**WORK TO COMPLETE**
In the entries below, the lines from the one with "Jacob Wilson 2024" through the one with "当前新冠肺炎疫情防控形势依然" are to be copied exactly; both ends count.

======== LISTED ENTRIES

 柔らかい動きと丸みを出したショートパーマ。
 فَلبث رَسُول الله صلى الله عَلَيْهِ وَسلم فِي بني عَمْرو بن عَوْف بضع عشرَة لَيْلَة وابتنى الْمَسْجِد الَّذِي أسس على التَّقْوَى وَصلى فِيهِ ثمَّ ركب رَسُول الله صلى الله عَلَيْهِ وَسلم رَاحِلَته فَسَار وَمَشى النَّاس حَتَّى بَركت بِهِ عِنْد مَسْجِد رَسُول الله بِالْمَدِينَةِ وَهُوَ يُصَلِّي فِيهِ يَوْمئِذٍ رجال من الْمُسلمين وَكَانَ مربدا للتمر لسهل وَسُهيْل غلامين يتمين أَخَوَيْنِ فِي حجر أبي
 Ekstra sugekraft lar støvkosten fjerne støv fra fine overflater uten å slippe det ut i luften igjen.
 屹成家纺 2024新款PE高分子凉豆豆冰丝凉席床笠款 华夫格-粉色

================
======== LISTED ENTRIES

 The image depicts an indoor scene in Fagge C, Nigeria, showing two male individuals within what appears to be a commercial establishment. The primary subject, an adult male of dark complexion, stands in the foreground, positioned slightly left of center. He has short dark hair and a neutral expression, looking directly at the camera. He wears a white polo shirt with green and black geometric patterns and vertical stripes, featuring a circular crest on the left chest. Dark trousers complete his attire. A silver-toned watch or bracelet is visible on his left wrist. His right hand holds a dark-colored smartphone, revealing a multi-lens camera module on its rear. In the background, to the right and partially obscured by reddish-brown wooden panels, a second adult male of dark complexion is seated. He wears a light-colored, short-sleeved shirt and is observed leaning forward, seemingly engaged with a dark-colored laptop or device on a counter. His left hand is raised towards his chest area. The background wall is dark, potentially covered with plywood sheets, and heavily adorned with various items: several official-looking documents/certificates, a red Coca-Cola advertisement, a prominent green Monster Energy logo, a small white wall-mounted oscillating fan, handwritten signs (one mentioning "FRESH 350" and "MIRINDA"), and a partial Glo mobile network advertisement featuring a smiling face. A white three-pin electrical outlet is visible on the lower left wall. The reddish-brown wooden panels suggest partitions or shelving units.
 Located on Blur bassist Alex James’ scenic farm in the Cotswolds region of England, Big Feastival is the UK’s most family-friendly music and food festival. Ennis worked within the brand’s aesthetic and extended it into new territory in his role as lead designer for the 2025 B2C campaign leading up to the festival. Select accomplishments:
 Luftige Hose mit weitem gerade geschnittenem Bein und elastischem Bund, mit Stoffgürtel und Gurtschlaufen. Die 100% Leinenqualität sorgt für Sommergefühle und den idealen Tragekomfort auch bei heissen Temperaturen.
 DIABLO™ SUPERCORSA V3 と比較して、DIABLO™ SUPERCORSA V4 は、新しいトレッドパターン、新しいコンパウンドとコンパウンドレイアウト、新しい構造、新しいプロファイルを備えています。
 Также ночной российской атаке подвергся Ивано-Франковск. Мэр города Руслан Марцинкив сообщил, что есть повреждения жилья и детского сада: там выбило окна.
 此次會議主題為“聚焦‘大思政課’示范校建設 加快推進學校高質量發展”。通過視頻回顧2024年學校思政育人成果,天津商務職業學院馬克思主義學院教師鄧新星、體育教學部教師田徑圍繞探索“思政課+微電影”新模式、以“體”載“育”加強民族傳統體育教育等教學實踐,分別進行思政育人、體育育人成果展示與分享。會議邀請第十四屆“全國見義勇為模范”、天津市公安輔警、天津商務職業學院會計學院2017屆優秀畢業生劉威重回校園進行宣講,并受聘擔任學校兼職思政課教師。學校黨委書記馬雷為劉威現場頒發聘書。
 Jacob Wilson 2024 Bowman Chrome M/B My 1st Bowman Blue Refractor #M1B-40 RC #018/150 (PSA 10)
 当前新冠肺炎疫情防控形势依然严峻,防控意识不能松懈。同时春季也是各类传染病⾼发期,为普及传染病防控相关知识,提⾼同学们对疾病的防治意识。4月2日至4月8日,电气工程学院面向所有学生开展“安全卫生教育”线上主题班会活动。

================
======== LISTED ENTRIES

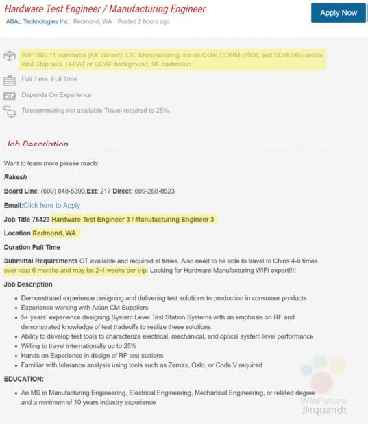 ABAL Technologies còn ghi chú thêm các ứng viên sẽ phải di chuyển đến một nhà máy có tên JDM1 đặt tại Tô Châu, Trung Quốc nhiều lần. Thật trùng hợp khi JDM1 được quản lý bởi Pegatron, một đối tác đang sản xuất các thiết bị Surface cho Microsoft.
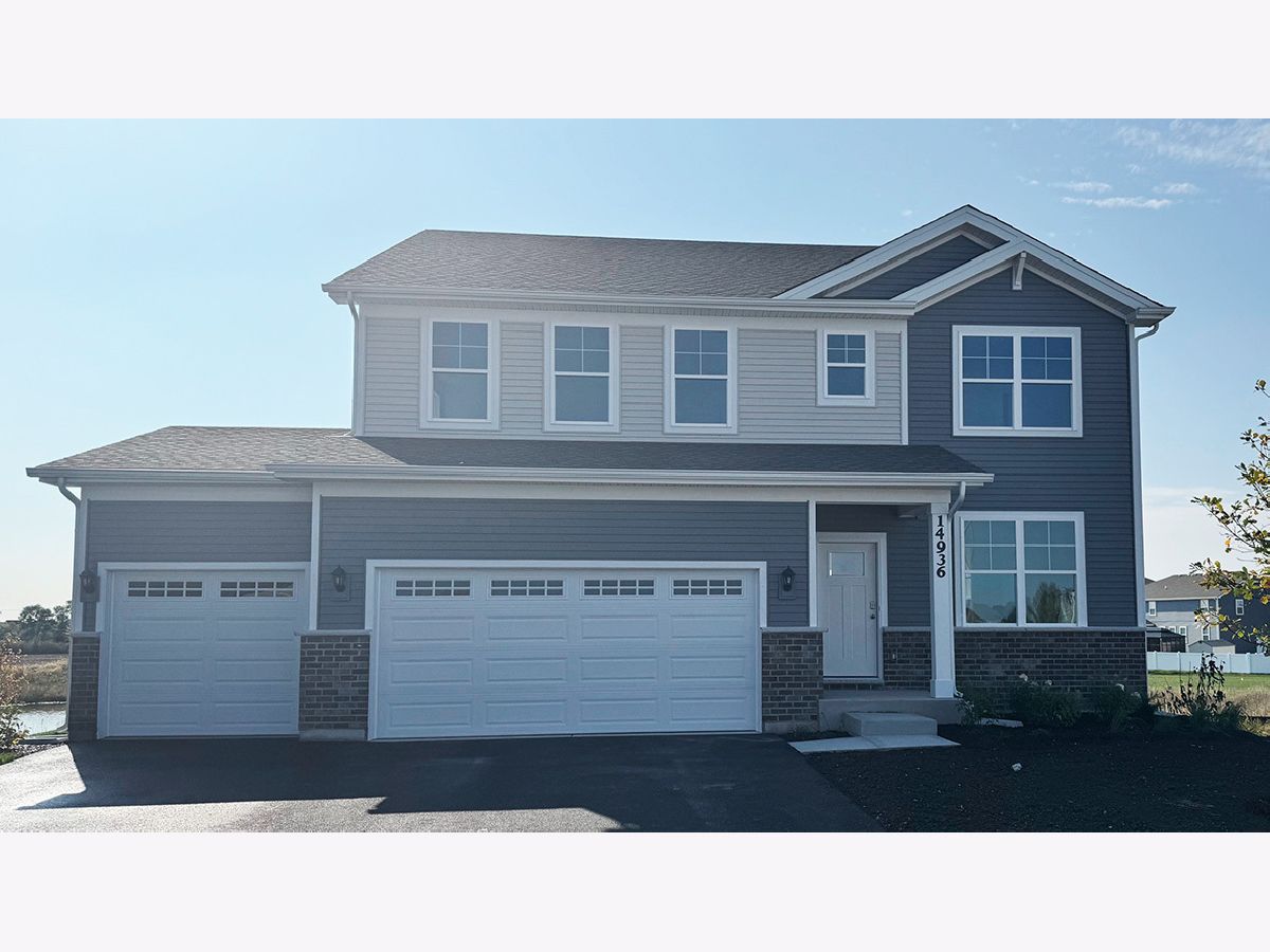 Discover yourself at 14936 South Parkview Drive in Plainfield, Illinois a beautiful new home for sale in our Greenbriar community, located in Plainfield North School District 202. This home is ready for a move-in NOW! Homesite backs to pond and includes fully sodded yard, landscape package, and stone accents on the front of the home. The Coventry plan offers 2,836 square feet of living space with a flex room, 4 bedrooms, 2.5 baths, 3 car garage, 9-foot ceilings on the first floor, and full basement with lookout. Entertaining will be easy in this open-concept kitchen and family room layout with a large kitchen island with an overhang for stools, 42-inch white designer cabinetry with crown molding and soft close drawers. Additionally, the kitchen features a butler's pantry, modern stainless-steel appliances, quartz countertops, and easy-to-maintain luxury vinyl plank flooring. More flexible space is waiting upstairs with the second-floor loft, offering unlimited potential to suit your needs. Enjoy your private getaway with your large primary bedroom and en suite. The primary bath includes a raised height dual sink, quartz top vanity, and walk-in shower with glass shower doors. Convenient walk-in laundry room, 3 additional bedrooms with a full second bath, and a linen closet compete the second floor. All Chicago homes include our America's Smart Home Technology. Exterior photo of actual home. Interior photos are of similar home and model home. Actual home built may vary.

================

**EXERCISE OUTPUT**
 Jacob Wilson 2024 Bowman Chrome M/B My 1st Bowman Blue Refractor #M1B-40 RC #018/150 (PSA 10)
 当前新冠肺炎疫情防控形势依然严峻,防控意识不能松懈。同时春季也是各类传染病⾼发期,为普及传染病防控相关知识,提⾼同学们对疾病的防治意识。4月2日至4月8日,电气工程学院面向所有学生开展“安全卫生教育”线上主题班会活动。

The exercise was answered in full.